3) Google for uncaught exception handlers...
简单的答案可能只是一个
Collections.SynchronizedMap(new WeakHashMap())
- 尽管这本身并不能为您提供线程安全的迭代。1) 您可以自己实现
Map
,并委托给ConcurrentHashMap; >
。您可以将SoftReferences
放入ReferenceQueue
中,并使用守护线程从地图中删除引用,或者仅在之前/之后检查您的ReferenceQueue
每个操作(或每个第 n 个操作等)。2)GC只会清空你的引用——你不必担心它会破坏你的地图,所以那里没有线程问题。
3)您可以看看AWT-EventQueue是如何管理的。但是:
- 你的守护进程线程可能足够简单,不会抛出意外的异常
- 如果你担心它,你可以将守护进程线程的核心内容包装在其中,
除非你收到错误(在这种情况下,你会永远运行)有更大的问题。)
The easy answer is probably just a
Collections.SynchronizedMap(new WeakHashMap())
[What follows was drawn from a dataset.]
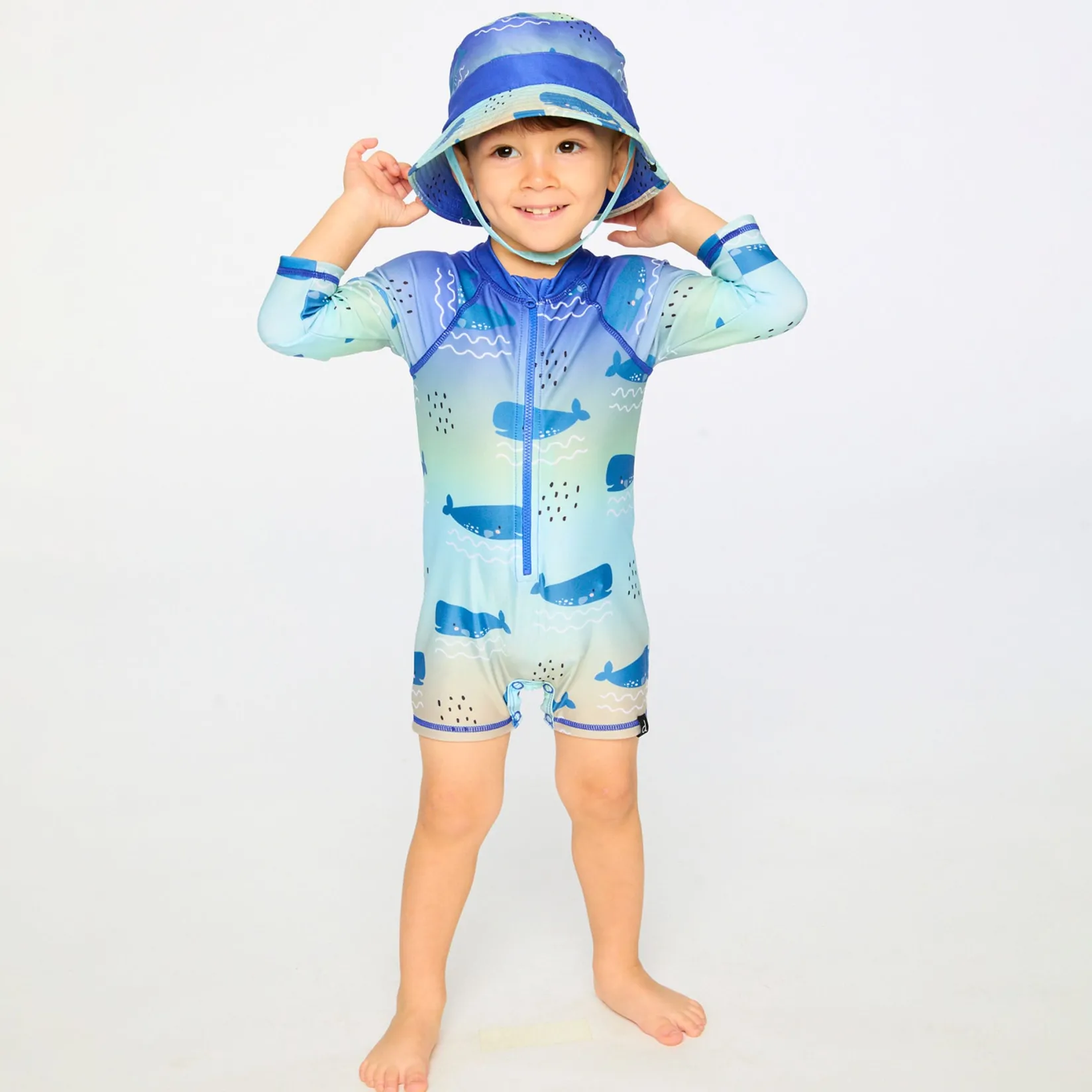 Our baby and toddler one-piece long sleeve rashguard in blue with whale print makes a splash in summer style. This one-piece swimsuit features long sleeves and a playful allover whale pattern in shades of blue, made from recycled polyester with added stretch for comfort and easy movement. A front zipper makes dressing simple while providing extra protection under the sun for boys and baby boys.

- though that doesn't give you thread-safe iteration by itself.1) You could implement
Map<K, V>
yourself, and delegate to aConcurrentHashMap<K, SoftReference<V> >
. You can place yourSoftReferences
in aReferenceQueue
, and either use a daemon thread to remove references from your map or just check yourReferenceQueue
before/after each operation (or each nth operation, etc).2) The GC will only null out your references - you don't have to worry about it mucking with your map, so no threading concerns there.
3) You could look at how the AWT-EventQueue is managed. But:
-your daemon thread will probably be simple enough to not throw unexpected exceptions
-if you're concerned about it, you could wrap the meat of your daemon thread in
which will run forever unless you get an Error (in which case you've got bigger issues.)